START Available data
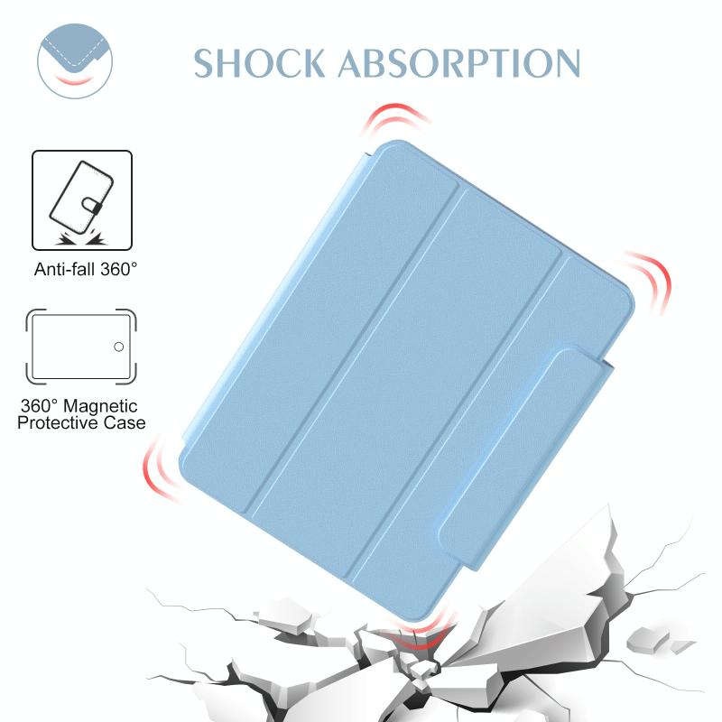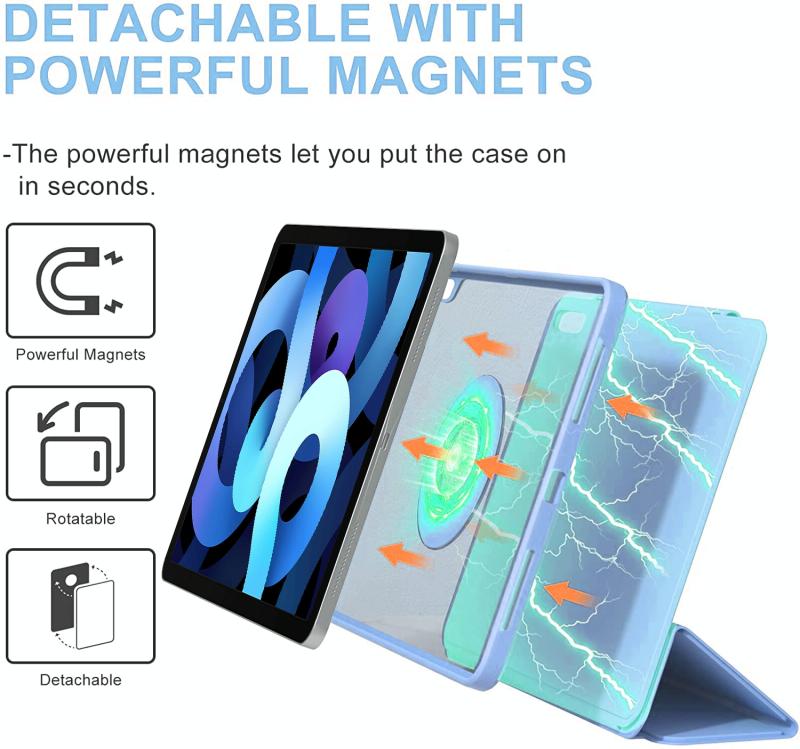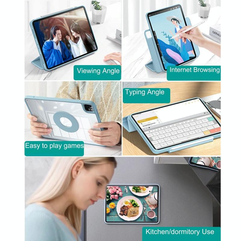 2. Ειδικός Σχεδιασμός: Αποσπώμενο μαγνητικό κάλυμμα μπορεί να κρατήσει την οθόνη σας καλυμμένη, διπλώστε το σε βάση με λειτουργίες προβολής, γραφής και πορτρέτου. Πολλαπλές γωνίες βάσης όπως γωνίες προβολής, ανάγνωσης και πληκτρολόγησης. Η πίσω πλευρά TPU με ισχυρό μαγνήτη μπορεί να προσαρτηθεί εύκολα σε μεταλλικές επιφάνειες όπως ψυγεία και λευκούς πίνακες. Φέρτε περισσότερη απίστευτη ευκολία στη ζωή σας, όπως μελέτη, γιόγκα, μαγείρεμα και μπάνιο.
END Available data
START Available data
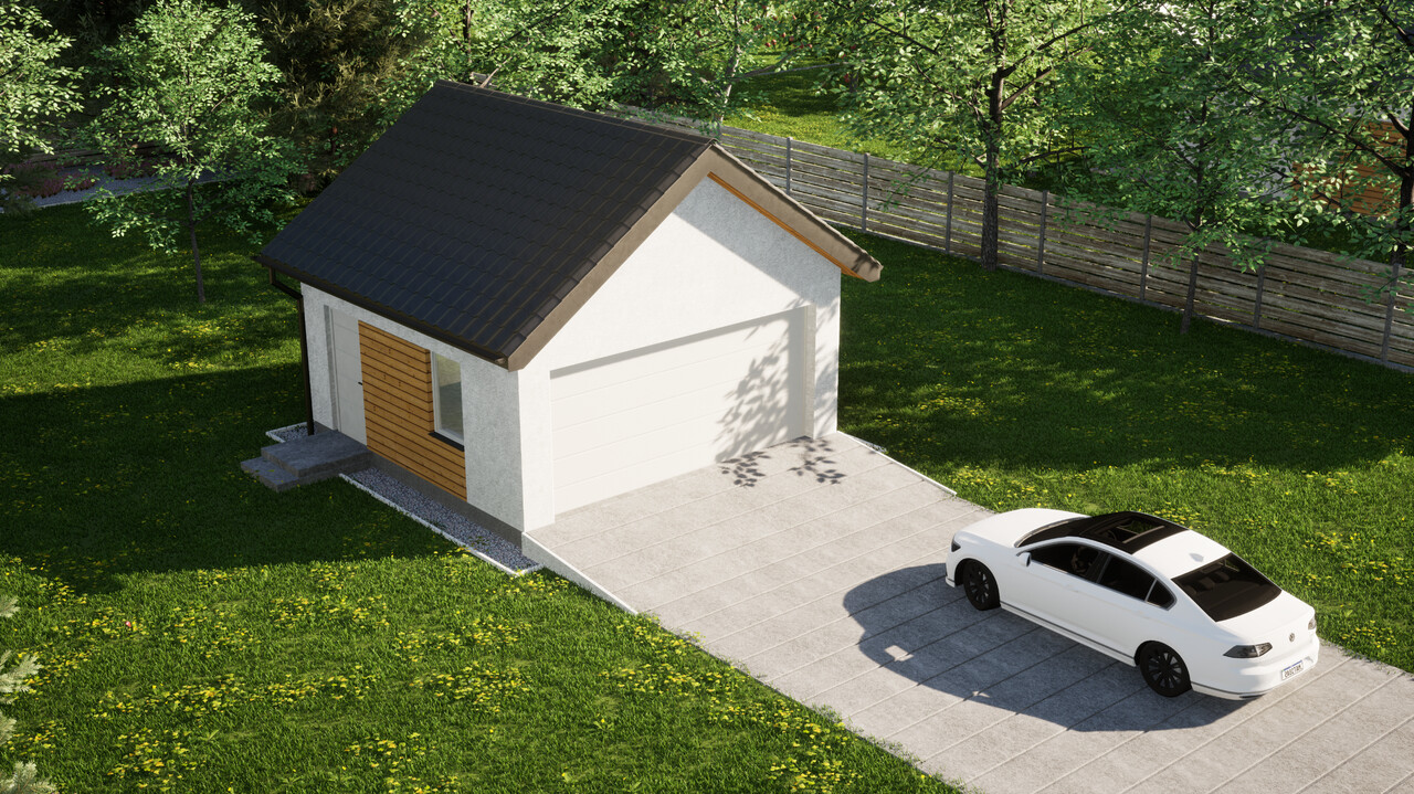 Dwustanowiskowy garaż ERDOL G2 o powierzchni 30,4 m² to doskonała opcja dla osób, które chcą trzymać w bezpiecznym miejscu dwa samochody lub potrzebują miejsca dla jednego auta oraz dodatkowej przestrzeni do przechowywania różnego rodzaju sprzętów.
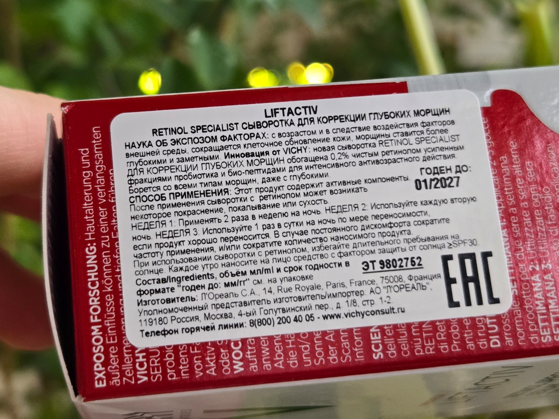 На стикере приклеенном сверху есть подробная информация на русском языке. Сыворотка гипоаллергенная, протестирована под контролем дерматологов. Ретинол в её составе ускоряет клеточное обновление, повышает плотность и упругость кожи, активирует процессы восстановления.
END Available data
START Available data
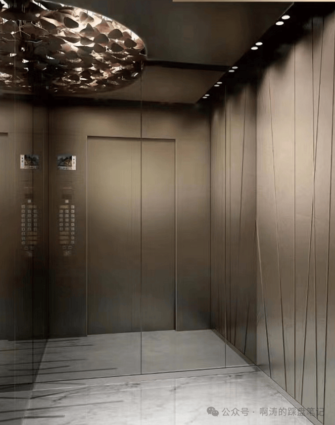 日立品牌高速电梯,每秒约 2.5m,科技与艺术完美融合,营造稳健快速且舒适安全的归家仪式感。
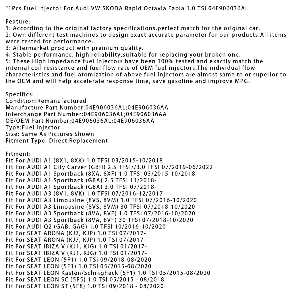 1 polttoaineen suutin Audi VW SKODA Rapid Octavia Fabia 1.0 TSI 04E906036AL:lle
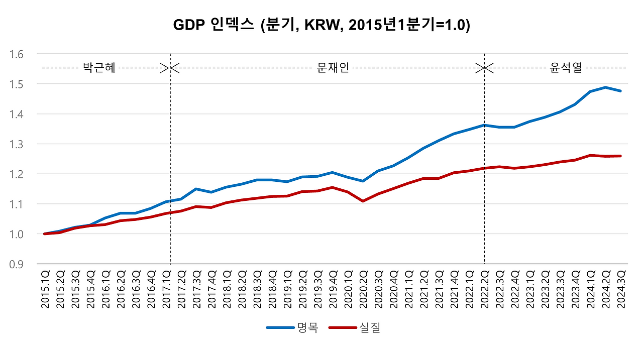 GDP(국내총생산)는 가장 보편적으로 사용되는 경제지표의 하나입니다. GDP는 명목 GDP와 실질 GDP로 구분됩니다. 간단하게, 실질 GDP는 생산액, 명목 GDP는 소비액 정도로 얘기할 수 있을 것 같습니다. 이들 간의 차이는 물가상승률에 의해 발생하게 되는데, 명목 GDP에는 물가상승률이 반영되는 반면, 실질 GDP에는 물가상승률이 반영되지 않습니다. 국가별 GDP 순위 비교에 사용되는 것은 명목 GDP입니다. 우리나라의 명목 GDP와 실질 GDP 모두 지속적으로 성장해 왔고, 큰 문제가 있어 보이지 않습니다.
END Available data
Give exactly the lines above that run from the line with "Dwustanowiskowy garaż ERDOL" to the line with "На стикере приклеенном", both included, leaving every picture out.

■ **Answer for the task**
 Dwustanowiskowy garaż ERDOL G2 o powierzchni 30,4 m² to doskonała opcja dla osób, które chcą trzymać w bezpiecznym miejscu dwa samochody lub potrzebują miejsca dla jednego auta oraz dodatkowej przestrzeni do przechowywania różnego rodzaju sprzętów.
 На стикере приклеенном сверху есть подробная информация на русском языке. Сыворотка гипоаллергенная, протестирована под контролем дерматологов. Ретинол в её составе ускоряет клеточное обновление, повышает плотность и упругость кожи, активирует процессы восстановления.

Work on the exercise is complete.